→ TASK DIRECTIONS: Could you restate word for word every line of the records below, from the first one to the one holding "At Bird Pass"?

→ DATA FOR THIS TASK:
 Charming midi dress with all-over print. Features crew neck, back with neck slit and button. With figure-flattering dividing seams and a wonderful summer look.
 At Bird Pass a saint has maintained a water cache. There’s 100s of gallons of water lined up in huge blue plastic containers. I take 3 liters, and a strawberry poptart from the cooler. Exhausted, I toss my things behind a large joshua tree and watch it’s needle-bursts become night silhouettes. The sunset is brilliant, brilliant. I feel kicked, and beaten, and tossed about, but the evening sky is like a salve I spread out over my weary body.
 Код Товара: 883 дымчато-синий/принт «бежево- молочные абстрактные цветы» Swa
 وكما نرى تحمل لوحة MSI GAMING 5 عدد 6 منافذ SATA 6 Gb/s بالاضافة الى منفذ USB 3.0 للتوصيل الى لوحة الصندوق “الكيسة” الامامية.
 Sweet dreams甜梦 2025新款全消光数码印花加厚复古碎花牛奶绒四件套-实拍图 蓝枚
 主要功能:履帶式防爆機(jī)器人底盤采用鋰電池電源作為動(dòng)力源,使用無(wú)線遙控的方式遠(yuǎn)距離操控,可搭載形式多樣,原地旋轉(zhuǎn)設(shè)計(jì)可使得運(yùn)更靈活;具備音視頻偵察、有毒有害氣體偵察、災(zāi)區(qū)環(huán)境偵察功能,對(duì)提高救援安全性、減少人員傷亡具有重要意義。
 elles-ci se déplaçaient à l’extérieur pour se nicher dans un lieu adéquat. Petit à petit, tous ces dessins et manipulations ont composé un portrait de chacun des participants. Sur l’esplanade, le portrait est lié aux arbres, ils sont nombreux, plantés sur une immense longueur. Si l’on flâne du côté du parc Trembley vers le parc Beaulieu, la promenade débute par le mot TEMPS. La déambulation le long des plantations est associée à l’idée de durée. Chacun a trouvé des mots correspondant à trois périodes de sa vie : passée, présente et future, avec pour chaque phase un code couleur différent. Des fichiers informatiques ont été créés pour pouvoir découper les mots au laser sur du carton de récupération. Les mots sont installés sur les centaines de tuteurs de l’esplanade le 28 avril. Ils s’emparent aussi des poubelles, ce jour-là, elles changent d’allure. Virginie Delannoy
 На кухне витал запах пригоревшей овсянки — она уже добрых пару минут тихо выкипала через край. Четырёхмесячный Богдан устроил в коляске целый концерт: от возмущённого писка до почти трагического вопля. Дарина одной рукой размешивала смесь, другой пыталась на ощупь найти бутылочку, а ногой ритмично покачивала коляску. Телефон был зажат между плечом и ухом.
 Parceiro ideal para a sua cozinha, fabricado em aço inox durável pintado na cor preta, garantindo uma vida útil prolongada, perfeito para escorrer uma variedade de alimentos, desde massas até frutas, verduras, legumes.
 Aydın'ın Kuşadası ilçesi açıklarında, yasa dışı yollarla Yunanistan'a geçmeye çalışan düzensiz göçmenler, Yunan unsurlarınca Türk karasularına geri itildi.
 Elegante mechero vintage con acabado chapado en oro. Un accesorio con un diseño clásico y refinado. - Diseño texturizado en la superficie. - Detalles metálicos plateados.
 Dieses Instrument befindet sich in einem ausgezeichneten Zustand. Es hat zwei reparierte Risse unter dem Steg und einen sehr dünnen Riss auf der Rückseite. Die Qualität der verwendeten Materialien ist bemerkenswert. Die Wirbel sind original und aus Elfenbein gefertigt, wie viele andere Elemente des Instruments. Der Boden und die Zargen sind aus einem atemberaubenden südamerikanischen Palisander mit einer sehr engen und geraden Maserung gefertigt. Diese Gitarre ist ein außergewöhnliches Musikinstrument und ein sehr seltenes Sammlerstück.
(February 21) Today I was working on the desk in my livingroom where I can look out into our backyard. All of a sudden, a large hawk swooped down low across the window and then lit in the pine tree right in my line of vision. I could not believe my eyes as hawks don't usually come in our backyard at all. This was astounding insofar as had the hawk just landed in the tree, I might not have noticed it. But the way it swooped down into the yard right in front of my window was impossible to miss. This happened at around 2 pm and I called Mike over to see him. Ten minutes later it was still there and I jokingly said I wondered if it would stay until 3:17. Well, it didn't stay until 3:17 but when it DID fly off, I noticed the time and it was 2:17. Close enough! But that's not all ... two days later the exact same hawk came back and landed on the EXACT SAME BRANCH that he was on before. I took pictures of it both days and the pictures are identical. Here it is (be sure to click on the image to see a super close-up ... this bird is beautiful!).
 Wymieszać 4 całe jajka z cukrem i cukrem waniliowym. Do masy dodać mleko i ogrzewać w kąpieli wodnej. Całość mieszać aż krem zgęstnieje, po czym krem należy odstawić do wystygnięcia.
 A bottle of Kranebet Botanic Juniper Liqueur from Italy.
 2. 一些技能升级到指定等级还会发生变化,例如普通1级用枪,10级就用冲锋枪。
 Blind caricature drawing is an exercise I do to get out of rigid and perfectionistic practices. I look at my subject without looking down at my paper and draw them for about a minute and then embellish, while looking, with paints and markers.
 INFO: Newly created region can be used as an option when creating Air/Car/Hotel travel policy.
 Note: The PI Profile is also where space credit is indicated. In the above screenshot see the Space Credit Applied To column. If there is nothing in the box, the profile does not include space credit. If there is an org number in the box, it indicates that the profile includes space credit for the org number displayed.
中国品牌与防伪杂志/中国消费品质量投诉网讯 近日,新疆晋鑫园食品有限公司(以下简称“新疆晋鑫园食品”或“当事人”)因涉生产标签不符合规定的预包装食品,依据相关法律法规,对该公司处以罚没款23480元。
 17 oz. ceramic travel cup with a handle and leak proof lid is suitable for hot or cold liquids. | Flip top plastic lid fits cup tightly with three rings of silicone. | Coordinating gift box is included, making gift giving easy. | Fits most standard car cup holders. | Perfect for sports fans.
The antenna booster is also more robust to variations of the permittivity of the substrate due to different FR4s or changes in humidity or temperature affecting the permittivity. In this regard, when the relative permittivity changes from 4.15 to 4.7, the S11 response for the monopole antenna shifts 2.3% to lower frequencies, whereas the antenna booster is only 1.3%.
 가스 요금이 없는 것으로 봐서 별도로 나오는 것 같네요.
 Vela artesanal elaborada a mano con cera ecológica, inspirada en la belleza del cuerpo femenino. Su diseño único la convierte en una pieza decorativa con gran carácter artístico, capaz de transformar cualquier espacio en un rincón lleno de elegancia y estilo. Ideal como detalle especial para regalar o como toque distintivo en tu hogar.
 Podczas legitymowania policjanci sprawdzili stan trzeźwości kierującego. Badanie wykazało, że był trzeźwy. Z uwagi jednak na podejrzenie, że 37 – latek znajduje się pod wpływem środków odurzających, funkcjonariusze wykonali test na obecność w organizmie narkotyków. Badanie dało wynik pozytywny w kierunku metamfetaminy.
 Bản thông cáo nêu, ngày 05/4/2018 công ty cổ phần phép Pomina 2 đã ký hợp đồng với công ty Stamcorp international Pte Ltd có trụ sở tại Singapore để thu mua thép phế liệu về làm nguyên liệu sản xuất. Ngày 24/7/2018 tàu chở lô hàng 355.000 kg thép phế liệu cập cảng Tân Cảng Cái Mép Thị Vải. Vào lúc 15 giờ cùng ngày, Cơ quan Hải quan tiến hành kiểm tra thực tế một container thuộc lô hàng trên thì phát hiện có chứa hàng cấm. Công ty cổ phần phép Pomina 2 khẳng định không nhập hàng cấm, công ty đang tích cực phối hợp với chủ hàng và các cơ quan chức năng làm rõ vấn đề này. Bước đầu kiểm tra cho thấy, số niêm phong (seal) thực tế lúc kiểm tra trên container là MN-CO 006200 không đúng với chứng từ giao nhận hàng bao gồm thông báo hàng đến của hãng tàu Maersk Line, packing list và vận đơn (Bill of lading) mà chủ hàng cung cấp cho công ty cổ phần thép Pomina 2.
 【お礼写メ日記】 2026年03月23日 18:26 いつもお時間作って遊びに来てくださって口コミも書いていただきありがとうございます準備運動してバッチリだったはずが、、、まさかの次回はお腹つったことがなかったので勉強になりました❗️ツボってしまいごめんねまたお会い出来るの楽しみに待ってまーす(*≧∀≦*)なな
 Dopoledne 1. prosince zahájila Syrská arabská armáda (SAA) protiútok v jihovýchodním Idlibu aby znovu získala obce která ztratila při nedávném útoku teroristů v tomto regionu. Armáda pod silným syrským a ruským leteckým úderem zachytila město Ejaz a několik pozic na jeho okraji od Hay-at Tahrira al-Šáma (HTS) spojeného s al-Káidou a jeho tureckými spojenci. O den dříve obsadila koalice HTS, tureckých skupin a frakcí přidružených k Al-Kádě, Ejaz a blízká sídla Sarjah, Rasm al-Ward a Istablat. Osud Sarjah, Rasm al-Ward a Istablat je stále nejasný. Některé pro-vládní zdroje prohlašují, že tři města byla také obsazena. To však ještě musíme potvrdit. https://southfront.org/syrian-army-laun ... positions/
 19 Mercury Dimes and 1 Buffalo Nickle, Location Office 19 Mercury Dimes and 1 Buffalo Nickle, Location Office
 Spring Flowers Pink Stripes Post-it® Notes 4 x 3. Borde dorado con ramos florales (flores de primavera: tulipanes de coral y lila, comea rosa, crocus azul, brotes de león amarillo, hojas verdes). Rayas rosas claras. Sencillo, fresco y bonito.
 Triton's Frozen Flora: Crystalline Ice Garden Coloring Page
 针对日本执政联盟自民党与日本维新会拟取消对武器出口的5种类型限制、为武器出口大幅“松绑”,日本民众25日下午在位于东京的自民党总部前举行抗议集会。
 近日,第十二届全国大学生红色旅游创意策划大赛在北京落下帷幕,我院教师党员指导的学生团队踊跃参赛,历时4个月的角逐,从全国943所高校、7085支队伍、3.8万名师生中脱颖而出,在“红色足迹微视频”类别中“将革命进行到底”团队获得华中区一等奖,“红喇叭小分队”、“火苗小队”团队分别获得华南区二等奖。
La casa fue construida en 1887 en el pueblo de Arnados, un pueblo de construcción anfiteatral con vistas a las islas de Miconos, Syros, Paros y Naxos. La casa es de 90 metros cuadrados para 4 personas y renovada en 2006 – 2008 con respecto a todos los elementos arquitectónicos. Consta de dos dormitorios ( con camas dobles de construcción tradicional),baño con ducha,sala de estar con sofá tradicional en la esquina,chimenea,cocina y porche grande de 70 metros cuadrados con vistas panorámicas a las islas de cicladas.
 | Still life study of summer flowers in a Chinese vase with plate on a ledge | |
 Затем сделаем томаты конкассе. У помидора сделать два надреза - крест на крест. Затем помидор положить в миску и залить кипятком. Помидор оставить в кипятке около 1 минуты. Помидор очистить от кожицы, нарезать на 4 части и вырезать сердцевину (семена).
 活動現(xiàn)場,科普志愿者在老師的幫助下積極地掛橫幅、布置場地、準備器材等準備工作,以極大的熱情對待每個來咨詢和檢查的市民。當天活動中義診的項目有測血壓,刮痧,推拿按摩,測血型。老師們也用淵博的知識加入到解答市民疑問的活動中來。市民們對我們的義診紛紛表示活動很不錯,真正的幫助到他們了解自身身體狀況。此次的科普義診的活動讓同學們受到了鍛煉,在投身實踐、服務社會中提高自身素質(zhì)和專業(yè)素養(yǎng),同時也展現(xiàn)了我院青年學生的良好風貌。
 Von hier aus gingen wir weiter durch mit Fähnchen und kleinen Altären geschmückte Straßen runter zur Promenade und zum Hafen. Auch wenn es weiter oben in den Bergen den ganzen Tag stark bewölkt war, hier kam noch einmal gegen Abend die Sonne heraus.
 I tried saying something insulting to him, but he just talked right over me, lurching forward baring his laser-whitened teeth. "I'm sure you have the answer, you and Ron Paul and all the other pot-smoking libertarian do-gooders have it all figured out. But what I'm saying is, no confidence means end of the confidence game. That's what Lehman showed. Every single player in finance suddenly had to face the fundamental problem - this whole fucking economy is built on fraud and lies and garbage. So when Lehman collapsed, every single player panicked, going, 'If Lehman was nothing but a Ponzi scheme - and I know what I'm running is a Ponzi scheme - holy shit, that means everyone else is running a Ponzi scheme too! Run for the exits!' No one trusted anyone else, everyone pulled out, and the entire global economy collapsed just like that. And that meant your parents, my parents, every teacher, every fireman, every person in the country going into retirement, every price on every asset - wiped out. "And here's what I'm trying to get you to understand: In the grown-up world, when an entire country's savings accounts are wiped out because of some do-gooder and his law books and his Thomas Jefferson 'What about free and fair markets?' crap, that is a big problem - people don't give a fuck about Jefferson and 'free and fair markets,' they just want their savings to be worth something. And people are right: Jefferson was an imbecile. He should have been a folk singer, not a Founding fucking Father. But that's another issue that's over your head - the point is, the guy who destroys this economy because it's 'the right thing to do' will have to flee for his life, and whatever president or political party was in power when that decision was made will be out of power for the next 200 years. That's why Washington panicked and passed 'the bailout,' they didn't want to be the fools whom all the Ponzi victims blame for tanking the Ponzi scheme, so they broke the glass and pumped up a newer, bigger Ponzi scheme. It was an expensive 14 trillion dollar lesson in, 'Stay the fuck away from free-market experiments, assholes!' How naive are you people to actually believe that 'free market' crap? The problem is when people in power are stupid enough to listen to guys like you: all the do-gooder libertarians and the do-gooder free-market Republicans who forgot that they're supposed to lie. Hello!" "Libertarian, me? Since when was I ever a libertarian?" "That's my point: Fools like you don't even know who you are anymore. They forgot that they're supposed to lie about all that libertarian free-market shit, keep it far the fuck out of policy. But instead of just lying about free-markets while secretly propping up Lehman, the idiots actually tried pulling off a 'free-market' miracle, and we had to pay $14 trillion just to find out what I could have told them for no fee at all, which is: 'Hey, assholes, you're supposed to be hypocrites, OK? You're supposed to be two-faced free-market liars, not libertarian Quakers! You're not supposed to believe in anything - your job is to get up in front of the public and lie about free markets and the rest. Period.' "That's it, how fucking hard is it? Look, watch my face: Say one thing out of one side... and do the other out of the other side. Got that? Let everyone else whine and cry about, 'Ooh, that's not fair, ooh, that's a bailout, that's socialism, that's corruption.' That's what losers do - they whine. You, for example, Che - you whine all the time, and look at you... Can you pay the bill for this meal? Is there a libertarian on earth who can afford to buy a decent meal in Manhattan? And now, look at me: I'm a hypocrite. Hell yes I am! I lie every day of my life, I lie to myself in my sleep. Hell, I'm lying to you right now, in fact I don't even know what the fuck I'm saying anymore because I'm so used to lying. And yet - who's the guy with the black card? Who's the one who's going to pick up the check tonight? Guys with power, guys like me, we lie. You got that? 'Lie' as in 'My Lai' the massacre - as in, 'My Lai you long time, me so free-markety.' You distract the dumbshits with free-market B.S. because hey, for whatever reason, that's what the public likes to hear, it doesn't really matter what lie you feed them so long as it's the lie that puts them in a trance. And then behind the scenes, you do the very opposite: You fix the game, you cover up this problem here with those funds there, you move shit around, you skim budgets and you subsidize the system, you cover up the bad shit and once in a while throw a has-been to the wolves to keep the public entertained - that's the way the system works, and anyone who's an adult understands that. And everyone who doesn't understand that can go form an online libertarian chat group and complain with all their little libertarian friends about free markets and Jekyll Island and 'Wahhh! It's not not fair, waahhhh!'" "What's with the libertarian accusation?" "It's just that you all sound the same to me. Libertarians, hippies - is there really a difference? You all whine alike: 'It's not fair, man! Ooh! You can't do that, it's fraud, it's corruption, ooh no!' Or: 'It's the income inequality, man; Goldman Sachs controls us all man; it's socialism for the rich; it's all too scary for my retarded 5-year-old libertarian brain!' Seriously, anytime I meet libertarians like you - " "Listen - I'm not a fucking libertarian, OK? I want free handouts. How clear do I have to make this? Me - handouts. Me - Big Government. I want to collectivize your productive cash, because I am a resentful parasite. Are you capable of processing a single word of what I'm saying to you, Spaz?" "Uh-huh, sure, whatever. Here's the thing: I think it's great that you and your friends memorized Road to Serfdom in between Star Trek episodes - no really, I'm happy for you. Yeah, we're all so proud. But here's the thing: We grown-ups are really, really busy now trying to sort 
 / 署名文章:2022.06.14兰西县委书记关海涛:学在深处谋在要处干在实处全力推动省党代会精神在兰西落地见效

→ ANSWER BOX:
 Charming midi dress with all-over print. Features crew neck, back with neck slit and button. With figure-flattering dividing seams and a wonderful summer look.
 At Bird Pass a saint has maintained a water cache. There’s 100s of gallons of water lined up in huge blue plastic containers. I take 3 liters, and a strawberry poptart from the cooler. Exhausted, I toss my things behind a large joshua tree and watch it’s needle-bursts become night silhouettes. The sunset is brilliant, brilliant. I feel kicked, and beaten, and tossed about, but the evening sky is like a salve I spread out over my weary body.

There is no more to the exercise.